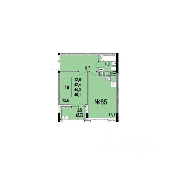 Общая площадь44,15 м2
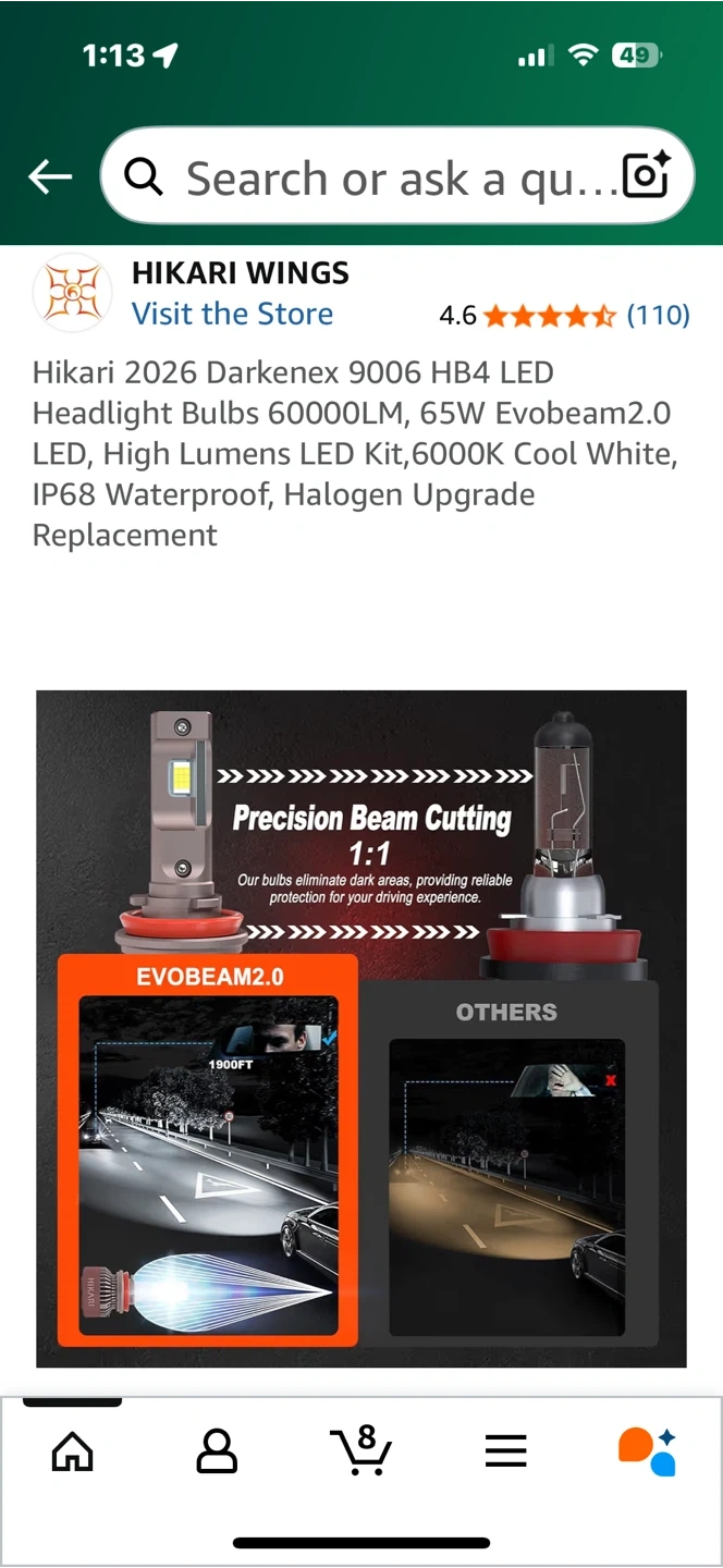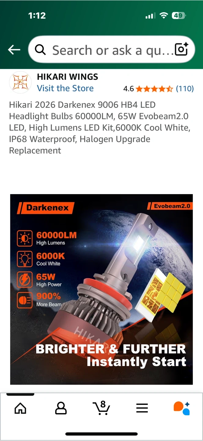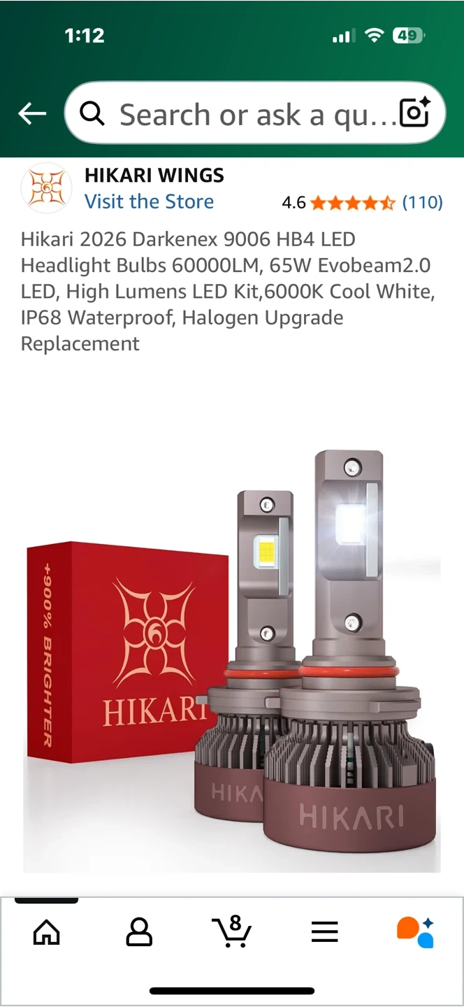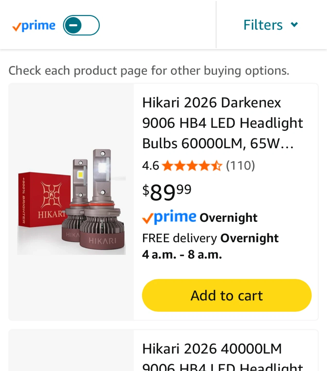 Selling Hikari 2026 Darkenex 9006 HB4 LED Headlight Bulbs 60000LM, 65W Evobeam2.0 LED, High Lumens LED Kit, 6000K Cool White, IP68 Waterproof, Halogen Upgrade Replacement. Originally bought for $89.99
---
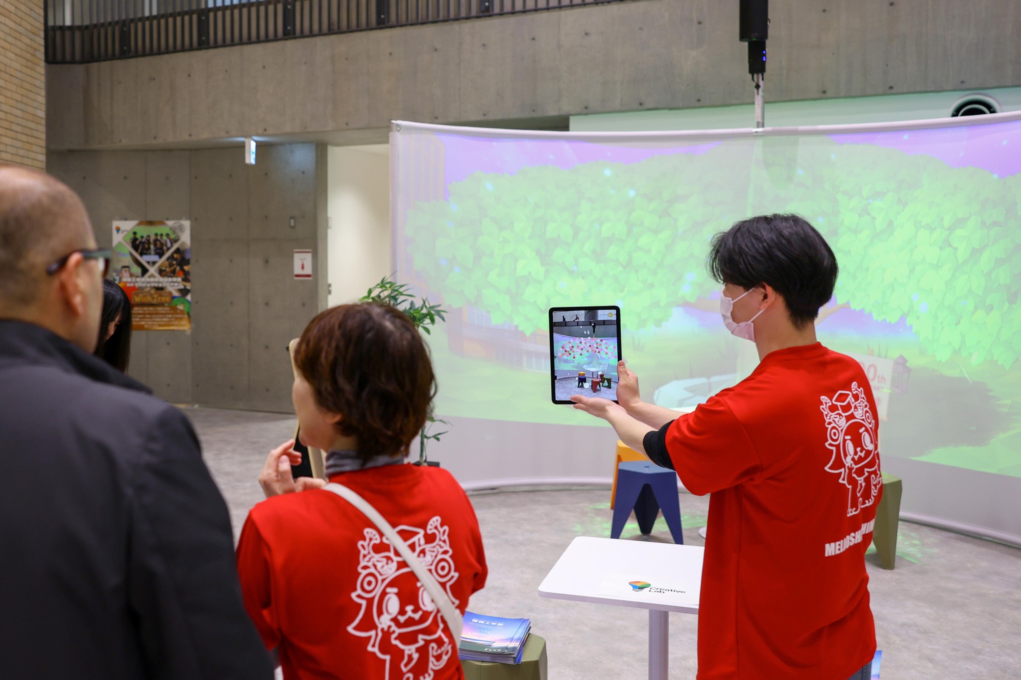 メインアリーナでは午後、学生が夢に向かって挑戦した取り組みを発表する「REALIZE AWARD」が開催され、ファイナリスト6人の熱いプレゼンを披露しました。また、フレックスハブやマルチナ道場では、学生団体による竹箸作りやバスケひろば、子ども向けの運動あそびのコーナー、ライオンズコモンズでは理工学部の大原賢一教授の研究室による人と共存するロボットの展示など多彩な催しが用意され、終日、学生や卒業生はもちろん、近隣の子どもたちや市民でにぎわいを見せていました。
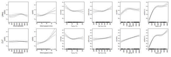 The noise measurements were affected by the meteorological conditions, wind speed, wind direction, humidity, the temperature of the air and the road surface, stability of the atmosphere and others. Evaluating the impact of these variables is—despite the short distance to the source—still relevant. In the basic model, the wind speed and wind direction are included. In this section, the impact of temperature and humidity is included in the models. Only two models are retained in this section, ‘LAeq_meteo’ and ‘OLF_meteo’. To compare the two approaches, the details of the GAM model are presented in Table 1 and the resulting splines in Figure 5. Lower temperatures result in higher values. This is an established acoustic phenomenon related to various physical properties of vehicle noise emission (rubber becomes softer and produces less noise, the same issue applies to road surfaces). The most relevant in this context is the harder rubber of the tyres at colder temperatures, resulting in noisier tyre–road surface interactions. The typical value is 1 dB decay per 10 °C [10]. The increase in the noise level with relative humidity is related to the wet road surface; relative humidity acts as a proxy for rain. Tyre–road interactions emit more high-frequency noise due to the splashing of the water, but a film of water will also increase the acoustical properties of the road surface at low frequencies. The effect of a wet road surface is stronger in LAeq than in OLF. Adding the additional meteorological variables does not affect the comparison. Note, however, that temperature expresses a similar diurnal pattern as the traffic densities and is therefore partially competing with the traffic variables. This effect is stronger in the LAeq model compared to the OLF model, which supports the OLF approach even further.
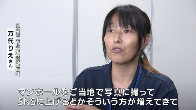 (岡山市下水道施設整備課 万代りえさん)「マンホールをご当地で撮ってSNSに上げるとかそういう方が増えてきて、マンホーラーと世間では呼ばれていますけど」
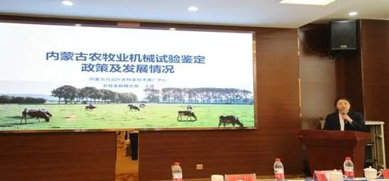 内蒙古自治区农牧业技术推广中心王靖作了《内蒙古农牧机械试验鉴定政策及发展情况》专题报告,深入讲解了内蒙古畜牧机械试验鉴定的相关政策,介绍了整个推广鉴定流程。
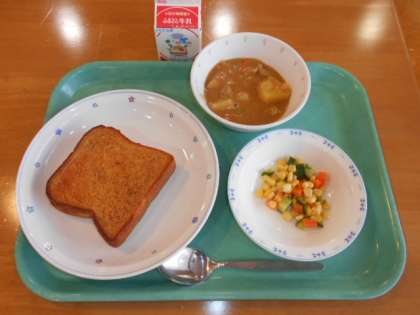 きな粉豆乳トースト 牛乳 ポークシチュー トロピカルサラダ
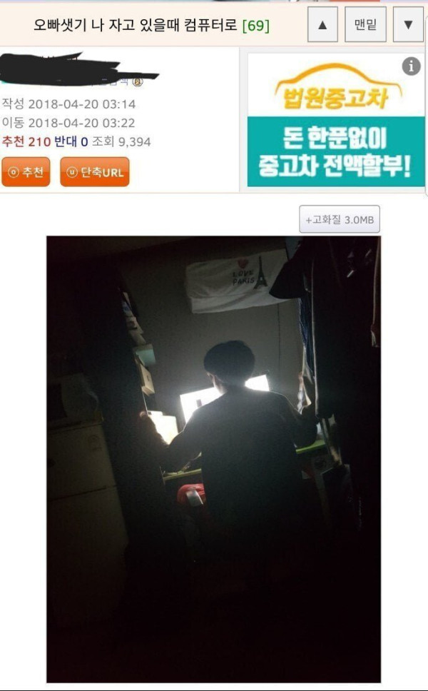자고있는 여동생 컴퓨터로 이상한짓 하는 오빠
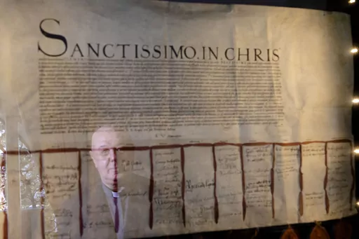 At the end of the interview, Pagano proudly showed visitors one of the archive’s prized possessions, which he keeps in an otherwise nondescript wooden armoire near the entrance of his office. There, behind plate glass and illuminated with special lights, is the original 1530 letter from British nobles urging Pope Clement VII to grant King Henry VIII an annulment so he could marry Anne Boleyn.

### TASK DETAILS
Make an exact copy of the lines above, beginning with the line with "Общая площадь44,15 м2" and ending with the line with "Selling Hikari 2026", and keep the pictures out of it.

### TASK SOLUTION
 Общая площадь44,15 м2
 Selling Hikari 2026 Darkenex 9006 HB4 LED Headlight Bulbs 60000LM, 65W Evobeam2.0 LED, High Lumens LED Kit, 6000K Cool White, IP68 Waterproof, Halogen Upgrade Replacement. Originally bought for $89.99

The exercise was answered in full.